Daniele Gatti continues to be the best thing that's happened to the Royal Philharmonic in recent memory; and, from all appearances, he continues to achieve those results by working the players mercilessly. I've never seen the members of an orchestra look so collectively shattered as they did here after their music director had whipped them through Tchaikovsky's Fifth Symphony, the climax of a demanding, all-Russian programme. But it was worth it; we were hearing the RPO at the top of its game.

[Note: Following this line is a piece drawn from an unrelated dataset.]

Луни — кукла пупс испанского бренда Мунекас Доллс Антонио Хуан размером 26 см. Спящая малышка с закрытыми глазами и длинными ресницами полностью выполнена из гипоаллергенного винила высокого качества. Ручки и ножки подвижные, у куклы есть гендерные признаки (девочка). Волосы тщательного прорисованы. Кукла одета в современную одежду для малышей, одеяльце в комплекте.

In the first half, the players had been galvanised by the flamboyant presence of Mischa Maisky as soloist in Shostakovich's First Cello Concerto. Beginning with an almost gruff tone, Maisky's cello was soon soaring out to rise above anything the orchestra could pit against it, then ceding to an expressive horn solo. His was an intense, passionate performance that vividly brought out the work's desperation, with the unrelenting cadenza which forms the third movement at its fulcrum. If he didn't quite reach the depths of the concerto's dark, lonely heart, he came close.

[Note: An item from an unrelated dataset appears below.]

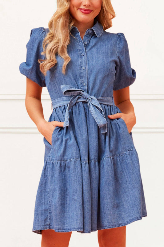 Bella Denim Tiered Shirt Dress Short Sleeves Belt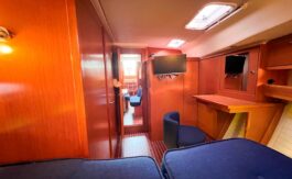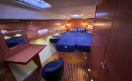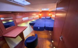 The boat has a huge amount of living space, ideal for family sailing or extended periods aboard, with a superb master cabin forward and two double cabins aft.

It sounded weighty next to Prokofiev's Classical Symphony, which had found the orchestra agile yet not with quite the required transparency in the first movement, and sounding a little portly in the third. Balance was not the strong point of the Tchaikovsky either; Gatti seemed to have little regard for it in an acoustic which, when the brass are seated as usual at the back, brings instant stardom to any trombonist who dares play above pianissimo. Yet if we could hear some of the symphony's bare bones it was none the worse for it.
Gatti generally favoured breakneck speeds, yet his pacing in the middle movements especially never faltered; here too there were some excellent wind solos, dark-toned clarinet and quirky yet elegant bassoon. As for the finale, even its most bombastic moments held their own all the way to the exhilarating end.